La seule solution d’être convaincu par une affirmation, c’est que quelqu’un en apporte la preuve suffisante, et encore mieux, répétée. Sinon, on en reste au stade de la persuasion, de l’intuition, on est manipulable. Pourquoi croire qu’un monstre en spaghetti volant a créé le monde est-il plus difficile que de croire en une puissance supérieure vaguement humanoïde qu’on appellerait Dieu ? Qui plus est, une force supérieure consciente de nous, et qui en aurait quelque chose à faire de nos comportements individuels ? Le comportement de poussières d’individus insignifiants à l’échelle du temps, perdus sur une planète elle-même pour ainsi dire inexistante à l’échelle de l’univers.
Et puis sous prétexte que je ne crois pas aux dogmes religieux de notre époque, dire que « je ne crois en rien », c’est une vision extrêmement réductrice. Je crois en plein de choses au contraire, tout en essayant parfois de ne pas les croire. Par exemple, je crois foncièrement au libre arbitre, bien qu’il soit remis en question philosophiquement, par les sciences humaines et même par les sciences neurologiques. Je réalise qu’en réalité, je veux croire au libre-arbitre, croire que les gens sont libres et responsables de leurs comportements et de leurs choix. Mais je me trompe peut-être complètement. Peut-être tous nos choix sont-ils manipulés, et quoi que l’on fasse on ne peut jamais échapper à un destin préétablit, un peu comme dans les tragédies grecques. En fait, je veux croire au libre arbitre parce que ça me donne de l’espoir. L’espoir qu’on peut changer les choses. Je veux croire que l’Homme parviendra à vivre libre, en société, à s’informer correctement et faire des choix éclairés. Des choix raisonnés et raisonnables, et autant que possible dans l’intérêt général.
Pour certains, nul doute, je suis un doux rêveur, je me voile la face.

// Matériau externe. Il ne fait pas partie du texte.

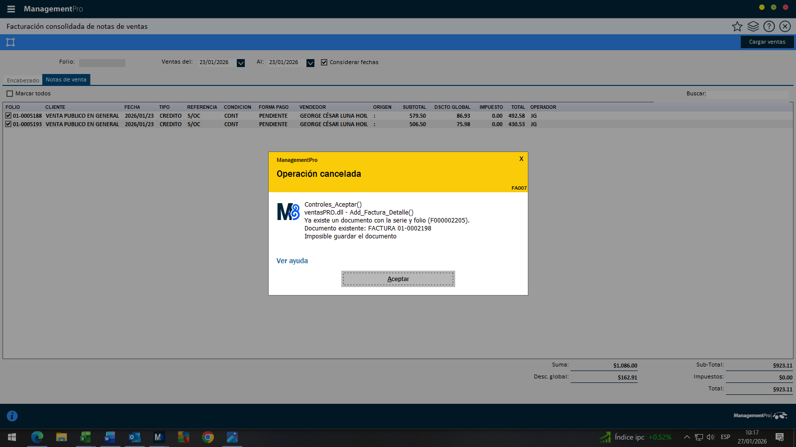 Buenos días....Su apoyo por favor ya que no me permite emitir una factura consolidad de dos notas de venta, me indica el sistema que dicho documento ya están dentro de una factura emitida y si consultas las notas no tiene factura asignada y si consultas la factura corresponde a trop cliente y productos, anexo imagen:

Peut-être, mais je n’y peux rien, je crois foncièrement en la capacité de l’homme à réfléchir, à s’interroger plutôt que s’appuyer sur des croyances dont il n’a fait qu’hériter. Et franchement croire en l’humanité, c’est une croyance bien plus ambitieuse que simplement croire en un Dieu tout puissant ?
Je ne crois pas que le paradis nous attend. Sauf celui que l’on construit tous ensemble, de notre vivant et qu’on lègue à notre prochain. Je ne crois pas qu’une puissance supérieure surveille nos comportements, mais je crains plus que tout le jugement des générations suivantes. Je ne crois pas aux fantômes, mais je crois à la résonance que nos idées et nos actes peuvent avoir dans le monde, à l’influence en bien ou en mal des actes de nos aïeux dans notre histoire personnelle et nos inclinations à certains comportements.